Mapping the career of ‘the Michelangelo of snow’
WHEN skiers dismount the Swift Current chairlift at Montana’s Big Sky resort, they encounter– lodged deep into the snow – a placard bearing a panoramic view of Lone Peak from the mind’s eye of James Niehues.
His pristine, hand-painted images have served as a guide to the steeps, couloirs and cliffs for skiers during the past three decades. For his airy and intricately detailed landscapes depicting mountain resorts, the prolific water colourist has earned acclaim but not broad recognition beyond attentive skiers who happen to notice his signature camouflaged in the pines and spruces of his pictures.
In fact, the work of the artist regarded as “the Michelangelo of snow” is so ubiquitous on ski mountains across North America that most of the major resorts’ maps feature his illustrations: Whistler-Blackcomb, Vail, Park City, Sun Valley, Taos - among 160 more. Niehues’s maps have woven the artist deeply into the fabric of ski culture.
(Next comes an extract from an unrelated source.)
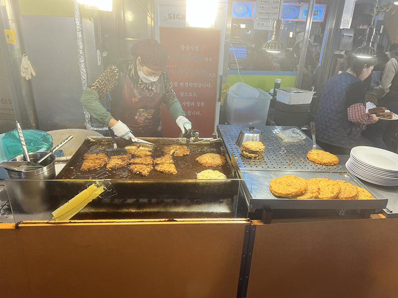Gwangjang Market, Bindaetteok being made Published May 20, 2023, 10:21 at 800 × 600 in At Gwangjang Market (Seoul, March 2023) ← Previous Next →

“His trail maps are as much a part of the sport as snow,” Greg Ditrinco, executive editor of Ski magazine, told the Associated Press in 2011.
Niehues – describing himself modestly as an intermediate skier who prefers corduroy groomers - did not begin his career as a map illustrator until he was in his 40s. But he had long felt a passion for painting landscape scenes reminiscent of the Colorado mountain vistas that surrounded him in his youth. Niehues, 70, grew up in Loma, in Mesa County, on a farm where his father grew alfalfa, corn and potatoes, and raised cattle and hogs.
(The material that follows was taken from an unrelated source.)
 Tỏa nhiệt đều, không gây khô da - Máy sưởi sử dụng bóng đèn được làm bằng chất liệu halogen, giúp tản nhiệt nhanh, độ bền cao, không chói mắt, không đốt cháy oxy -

“I remember very well because it was my job every weekend to scoop all the manure into the manure spreader and get it out into the fields,” Niehues said. “It was a very dirty job.”
He came by his interest in the outdoors honestly, accompanying his father on autumn deer-hunting trips down the Colorado River by boat. But as a teenager, he was bedridden for two months with a bout of nephritis and spent the time on his back painting scenery from a mail- order kit given to him by his mother.
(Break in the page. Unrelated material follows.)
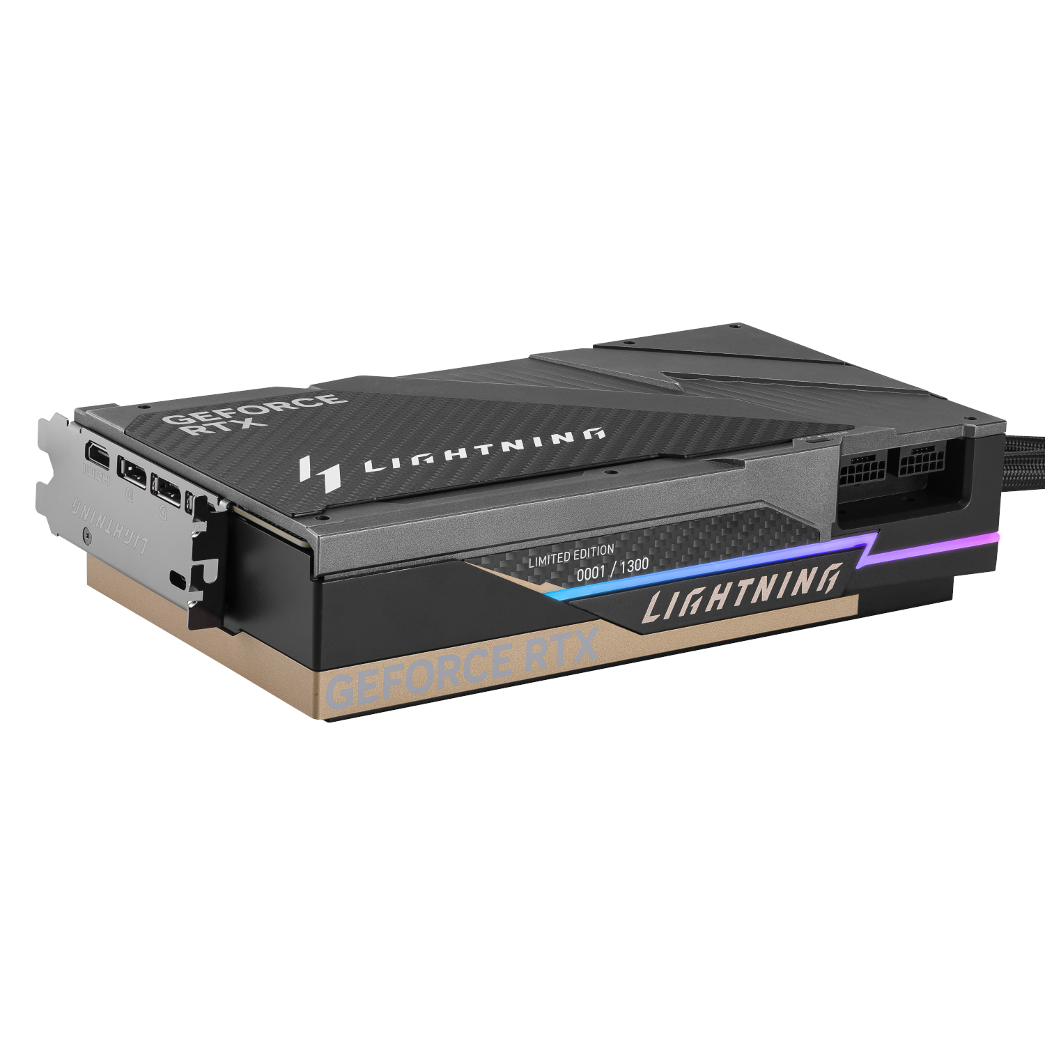 The LIGHTNING fan, specifically designed for this series, employs aerodynamic blades that optimise airflow and static pressure, ensuring maximum cooling efficiency without excessive noise. Complementing this is the exclusive LIGHTNING HUB & OVERDRIVE APP, a web-based hub and mobile application that grants you seamless control over your GPU’s performance, the integrated display, and all RGB lighting effects. Built with a rigid carbon fiber backplate featuring the signature Lightning Pattern, it delivers not only structural integrity but also a distinct technical elegance. With PCI Express Gen 5 support, a 512-bit memory bus, and 32GB of GDDR7 memory, this card is ready for the most demanding applications and games, offering a digital resolution up to 7680 x 4320 for unparalleled visual clarity.

“I would find a photograph in a magazine somewhere and paint that,” Niehues said of his introductory artistic training.
He joined the Army in 1965 and served in Berlin, where he took a trip to the Alps in Switzerland and skied for the first time. Upon returning home, he visited Powderhorn Mountain Resort, but learned that his skills didn’t translate to the Rocky Mountains.
“I ended up walking off the slopes,” Niehues said.
His military service ended in 1969, and Niehues worked as a pressman, a graphic designer and as partner at an advertising agency before turning full time to illustrations in 1988. His first job was painting a portion of the Winter Park Resort in Colorado.
In fact, the work of the artist regarded as “the Michelangelo of snow” is so ubiquitous on ski mountains across North America that most of the major resorts’ maps feature his illustrations
Since then, he has used gouache to paint a total of more than 220 ski maps.
His artwork is renowned for its detail. He paints every tree by hand, and it can be painstaking work. For a time he became so in demand that he got a bad case of tennis elbow and had to use a sling.
When he is commissioned to paint a mountain, he flies in a small plane to take aerial photographs that he later uses for reference. Niehues then forms a composite of the terrain and uses light and shading to emphasise points of interest for skiers. Occasionally, he’ll even ski the mountain to get a better feel for its features, but he admits that he has tried only about five per cent of the resorts he has painted. For instance, Niehues said that he’s in the process of completing a map of Breckenridge, an expansive resort in Colorado, despite never having set foot on its peaks.